What this task involves =
The copy must match the data below line for line and contain no images.

Dataset excerpt =
Content starts

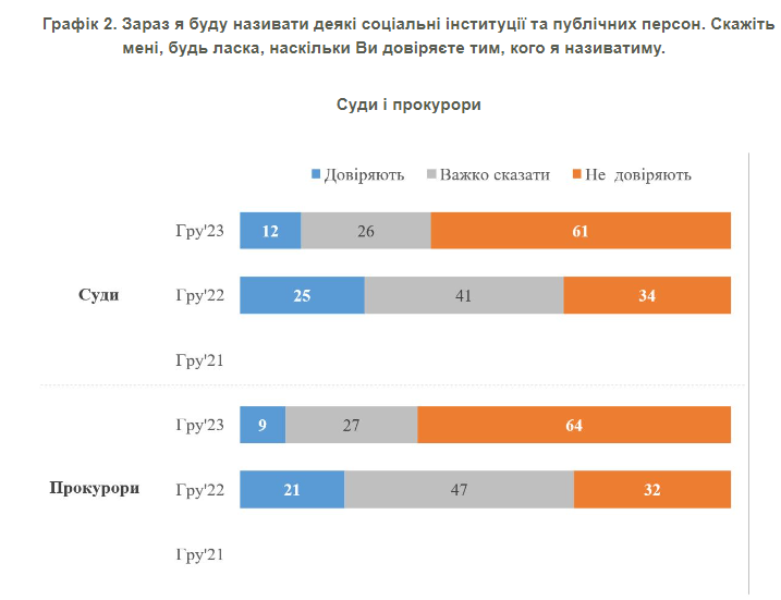 Критично низькою тепер серед українців є довіра судам і прокурорам. Лише 12% українців довіряють судам і лише 9% довіряють прокурорам. Не довіряють – відповідно, 61% і 64%. У грудні 2022 року судам довіряли 25%, прокурорам – 21%, при цьому було вдвічі менше тих, хто не довіряв їм.
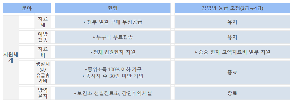 코로나19의 감염병 등급이 지난해 4월 1급에서 2급으로 하향 조정 된 후 1년 4개월 만에 4급으로 하향 조정된다. 감염병 등급은 4급으로 낮아지지만 위기단계는 '경계' 상태로 유지되며 중수본과 중앙방역대책본부(방대본) 중심의 정부 대응체계도 계속된다.
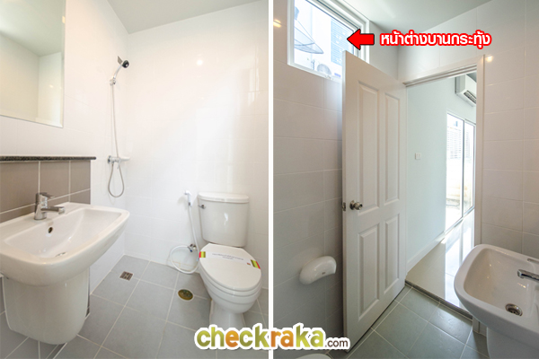 ห้องน้ำของบ้านเปล่าในมุมเดียวกัน ภายในห้องน้ำมีหน้าต่างบานกระทุ้งสำหรับเปิดระบายอากาศ 1 บาน
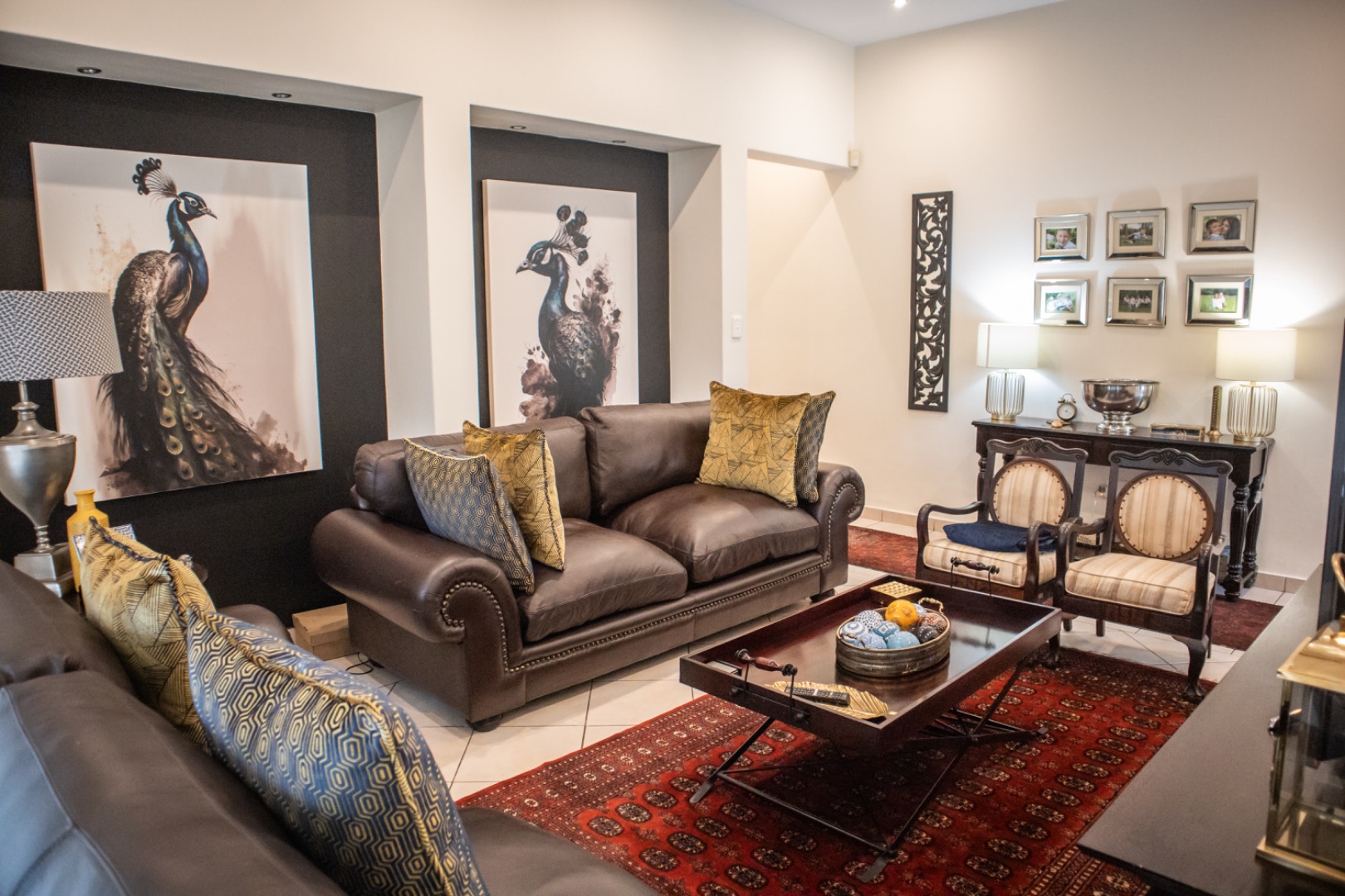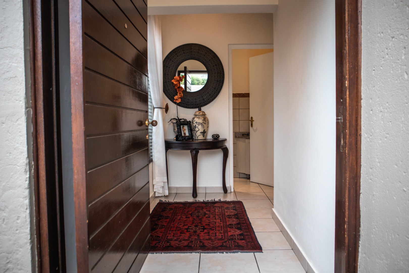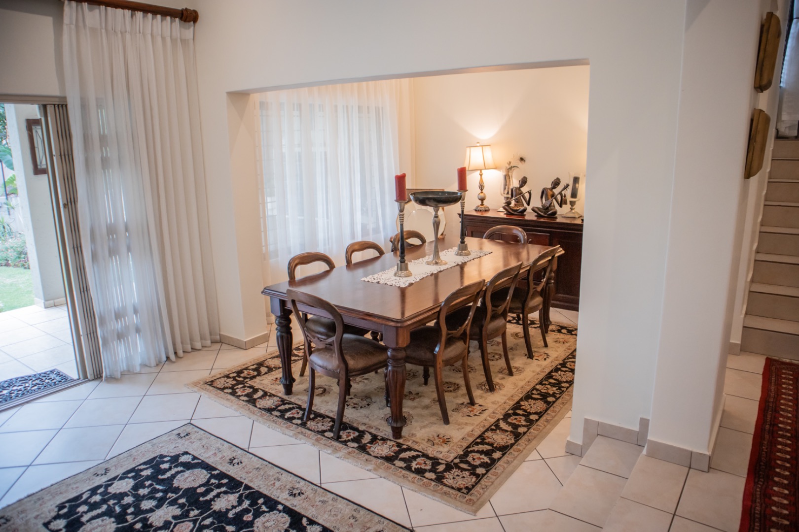 Step inside to an elegantly appointed interior spanning 288 sqm, where a welcoming entryway with decorative accents leads to expansive living areas. The home boasts a dedicated lounge and a formal dining room, both designed for refined entertaining and comfortable family life. Tiled flooring flows throughout, complemented by classic wooden furniture and tasteful artwork, creating an atmosphere of timeless elegance. The layout provides a seamless transition, with the dining area offering direct access to an outdoor space, perfect for al fresco dining and relaxation.

Content ends

Answer space =
 Критично низькою тепер серед українців є довіра судам і прокурорам. Лише 12% українців довіряють судам і лише 9% довіряють прокурорам. Не довіряють – відповідно, 61% і 64%. У грудні 2022 року судам довіряли 25%, прокурорам – 21%, при цьому було вдвічі менше тих, хто не довіряв їм.
 코로나19의 감염병 등급이 지난해 4월 1급에서 2급으로 하향 조정 된 후 1년 4개월 만에 4급으로 하향 조정된다. 감염병 등급은 4급으로 낮아지지만 위기단계는 '경계' 상태로 유지되며 중수본과 중앙방역대책본부(방대본) 중심의 정부 대응체계도 계속된다.
 ห้องน้ำของบ้านเปล่าในมุมเดียวกัน ภายในห้องน้ำมีหน้าต่างบานกระทุ้งสำหรับเปิดระบายอากาศ 1 บาน
 Step inside to an elegantly appointed interior spanning 288 sqm, where a welcoming entryway with decorative accents leads to expansive living areas. The home boasts a dedicated lounge and a formal dining room, both designed for refined entertaining and comfortable family life. Tiled flooring flows throughout, complemented by classic wooden furniture and tasteful artwork, creating an atmosphere of timeless elegance. The layout provides a seamless transition, with the dining area offering direct access to an outdoor space, perfect for al fresco dining and relaxation.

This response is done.